Core Concepts
TrajFlow, a novel model for probabilistic trajectory prediction, learns distributions over abstracted trajectory features using Normalizing Flows to effectively capture the variability inherent in human behavior.
Abstract
The paper proposes TrajFlow, a new approach for probabilistic trajectory prediction based on Normalizing Flows. The key idea is to reformulate the problem of capturing distributions over trajectories into capturing distributions over abstracted trajectory features using an autoencoder, which simplifies the learning task of the Normalizing Flows.
The paper first provides background on Normalizing Flows, which are a family of generative methods that enable exact likelihood computation by transforming distributions through a series of differentiable bijective functions into a simple known "base" distribution.
The TrajFlow model consists of three main components:
A Normalizing Flow that learns the distribution of the encoded future trajectories rather than the raw future trajectories.
A Recurrent Neural Network Autoencoder (RNN-AE) that generates an intermediate representation of the trajectories, capturing the most relevant features.
Encoding components for the target agent's past trajectory, social interactions, and static environment information.

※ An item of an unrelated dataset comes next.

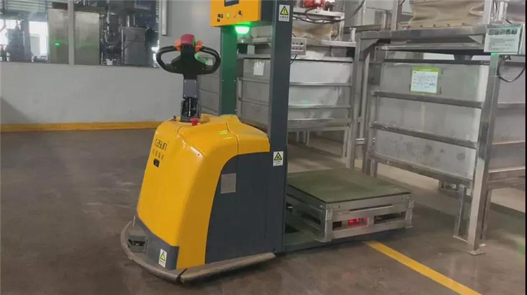 客戶現(xiàn)場精準度要求極高,為保證物料放置精度,每臺AGV配置視覺相機,通過視覺定位,保證物料放置位置精準度,達到了與其他設(shè)備的精準對接

The authors validate their approach on two synthetic datasets with known true distributions, as well as on the ETH/UCY, rounD, and nuScenes real-world datasets. The results demonstrate that TrajFlow outperforms state-of-the-art behavior prediction models in capturing full trajectory distributions, especially on the more variable pedestrian datasets. The use of the RNN-AE is shown to be a key factor in the improved performance.
Additionally, the auto-regressive nature of the TrajFlow decoder provides flexibility in terms of the possible length of the predictions, which is particularly useful for scenarios that require a longer planning horizon, such as when approaching a roundabout.
Stats
The paper reports the following key metrics:
minADE (Average L2 distance between the best-predicted trajectory and the ground truth)
minFDE (Final L2 distance between the best-predicted trajectory and the ground truth)
NLL (Negative Log-Likelihood of the ground truth according to the learned distribution)
DJS (Jensen-Shannon divergence between the ground truth distribution and the learned distribution)
Quotes
"Predicting the future behavior of human road users is an important aspect for the development of risk-aware autonomous vehicles."
"An example of such multi-modality can be seen at roundabouts, where vehicles have the option to enter the roundabout directly or to wait for an oncoming car to pass."
"While these state-of-the-art approaches already achieve good results in prediction accuracy, they have the fundamental problem of being trained to reproduce the only true future trajectory available for each past trajectory in the dataset, thereby ignoring the underlying stochasticity of human behavior."